I'll do sand and stone in this batch of purchased trees.  I'll also throw 50-100# of sand and the same in manure on top of the compost of the 2 trees planted.

I do have quite a bit of clay under my topsoil so as already noted, I'm taking the backhoe and digging a big hole for the trees and bringing in more nutrient rich materials.

Glad to get a 2nd vote for Starks.

*What's a good fertilizing technique? * I have plenty of urea, triple-19, lime as well as your garden variety MiracleGro type fertilizers already in hand but don't want to apply anything without guidance.


----------



## FrancSevin

bczoom said:


> I'll do sand and stone in this batch of purchased trees. I'll also throw 50-100# of sand and the same in manure on top of the compost of the 2 trees planted.
> 
> I do have quite a bit of clay under my topsoil so as already noted, I'm taking the backhoe and digging a big hole for the trees and bringing in more nutrient rich materials.
> 
> Glad to get a 2nd vote for Starks.
> 
> *What's a good fertilizing technique? *I have plenty of urea, triple-19, lime as well as your garden variety MiracleGro type fertilizers already in hand but don't want to apply anything without guidance.


 
Go easy on the lime as Apple trees like a slightly acid soil. A little Organic sulfur and Potasium (Potash) and phosphate. There will be plenty of nitrogen in the manure so go lightly there. Potash gives you more blooms and fruit. Phosphate gives you strong roots. Nitrogen gives you green growth, leaves and stems. Great for grass and lettuce, not so much for fruits.

Three symbols on fertilizer NPP. Lawn fertilizers say 30-10-10. Not good for fruit trees. Use a 10-10-10 or individual amendments. mix in the backfill soil. Again, get your PH slightly negative. 6.6-6.7 is ideal.


----------



## bczoom

Sounds like MiracleGro???


----------



## FrancSevin

bczoom said:


> Sounds like MiracleGro???


 
Miracle grow will be fine. It is well balanced. There is a Miracle grow for acid plants you mix with water. You can use it to adjust PH levels rather quickly. I prefer Organic sulfur as it acts slowly and is a more permanent adjustment.

A PH kit costs about $12 bucks. Keep in mind it is like adjusting your swimming pool balance, go gently so as not to shock.

Takes a few days or a week to see the actual changes.
BTW, Be sure the stone you use is not limestone, if you can avoid it.


----------



## bczoom

Yea, when I do use MiracleGro, it's the water mix.  Haven't used it in a couple years but do recall seeing the word acid (maybe for roses or pines on the face of the box).

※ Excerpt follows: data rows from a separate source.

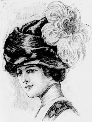
18. sz. Tokformájú kalap tolldíszsel.

behúzott selyemtűll borítja. A drága dísz hátul a fejreszhez erősített fehér toll képezi. A nagy fekete, 21. számú florentin kalapot szép brüsszeli csipke borítja, a karimán fodorszerűen lelógva. A fejreszt dudorosán díszíti. A kalapot a legsötétebben színárnyalt rózsaszín veszi körül, halvány lila és fehér anemónával felváltva.
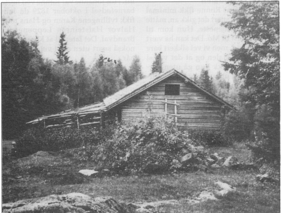
Pasotorpet i 30-årene.
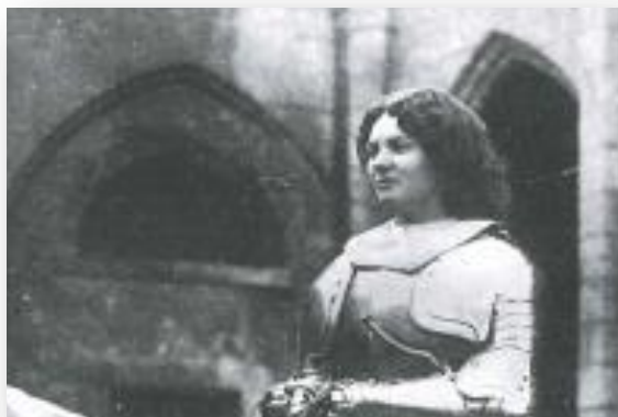
Edition Fêtes de Jeanne d'Arc 1912
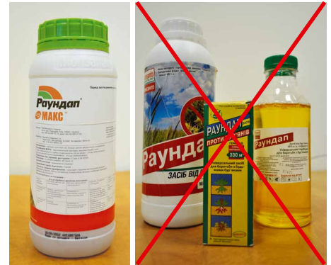
Мал. 4. Ліворуч – оригінальний препарат, праворуч – підробки

УВАГА! В Україні державну реєстрацію отримує виключно препарат під певною назвою, тому продаж окремих компонентів означає, що ця сировина потрапила до країни в нелегальний спосіб!

I have a PH kit.  I think I'll hit the compost pile stand-alone then take some compost, manure, sand, limestone, Labatt's and Killian's... and mix it in the cauldron (as my brew for the incoming trees) and see what the PH is there.


----------



## FrancSevin

bczoom said:


> Yea, when I do use MiracleGro, it's the water mix. Haven't used it in a couple years but do recall seeing the word acid (maybe for roses or pines on the face of the box).
> 
> I have a PH kit. I think I'll hit the compost pile stand-alone then take some compost, manure, sand, limestone, Labatt's and Killian's... and mix it in the cauldron (as my brew for the incoming trees) and see what the PH is there.


If it is pink, then you have the right stuff.  It is for azealeas, Rhodedendrons, pines and other acid loving plants.   If azealeas and Rhodes grow easily in your area, and I think they do in most of PA, then your PH islikely good for apples.

Keep in mind, Potash and Phosphate will bring strong trees and more fruit. The roots need air.  That's it for apple trees.

BTW,if you do go peach,  Always flood them once right after they set fruit. I have noidea why it works but it does.  Especialy if you put compost down first or make a tea.


----------



## bczoom

FrancSevin said:


> If it is pink, then you have the right stuff.  It is for azealeas, Rhodedendrons, pines and other acid loving plants.   If azealeas and Rhodes grow easily in your area, and I think they do in most of PA, then your PH islikely good for apples.


Pink on the box I hope... The contents are a nice blue.  I deal in primary colors but I believe aqua may be right.
Yep, those plants grow easy around here.


----------



## FrancSevin

bczoom said:


> Pink on the box I hope... The contents are a nice blue. I deal in primary colors but I believe aqua may be right.
> Yep, those plants grow easy around here.


 
Then they may have changed it.  I have Azealea food here that is a pink powder. But the box is five years old.

I generaly use such fertilzers out of desperation as mostly I am organic. But for a fast "emergency " fix they come in handy.

If you have lots of Azealeas and Rhodes, I would assume your soil is fine to go _as is_.  Amend for drainage and nutrition.


----------



## bczoom

11 trees arrived today from Stark's.

Got 7 in the ground today (as I'm hand digging the holes and the rain/40-degrees kept me inside until about 6:00) and will get the remainder in tomorrow morning.

Nice trees.  I was expecting 2' tall and they came in at 4'.  They're pruned pretty heavily but that's cool by me.

The 2 bigger apples I put in a couple weeks ago are looking kind of rough.  I'll blame it on the weather.


----------



## muleman RIP

We are under a freeze warning again tonight. It is doing a number on a lot things around here. Hope your apples rebound. My cherry trees look like they took a hit as well as the peach trees. Sure hope this is the end of the real bitter cold. Peas are going to need replanted as they are mostly brown. I see where you are right on the edge of the warning area again. Good luck!


----------



## bczoom

Thanks Bill.  Our low for tonight should be around 34-36 degrees so I think I'll be OK.

I took my time (OK, I was late) on peas, radish, carrots and onions so I'm good there.

That really nice weather over the last month had a lot of people putting things in early.  Many will be replanting due to the recent frost/snow.


----------



## muleman RIP

Last year i was so late because of the rain that my peas cooked in the heat. Got some from the late ones but lost most to an early frost. Just have to keep trying.


----------



## Andrei

$9.95 any fruit tree in 5 gall at a nursery I pass by.
So I got 2 quince trees, 2 cherry, 2 plums, 2 pear trees and planted on my ranch.
Now I just have to water them and wait.


----------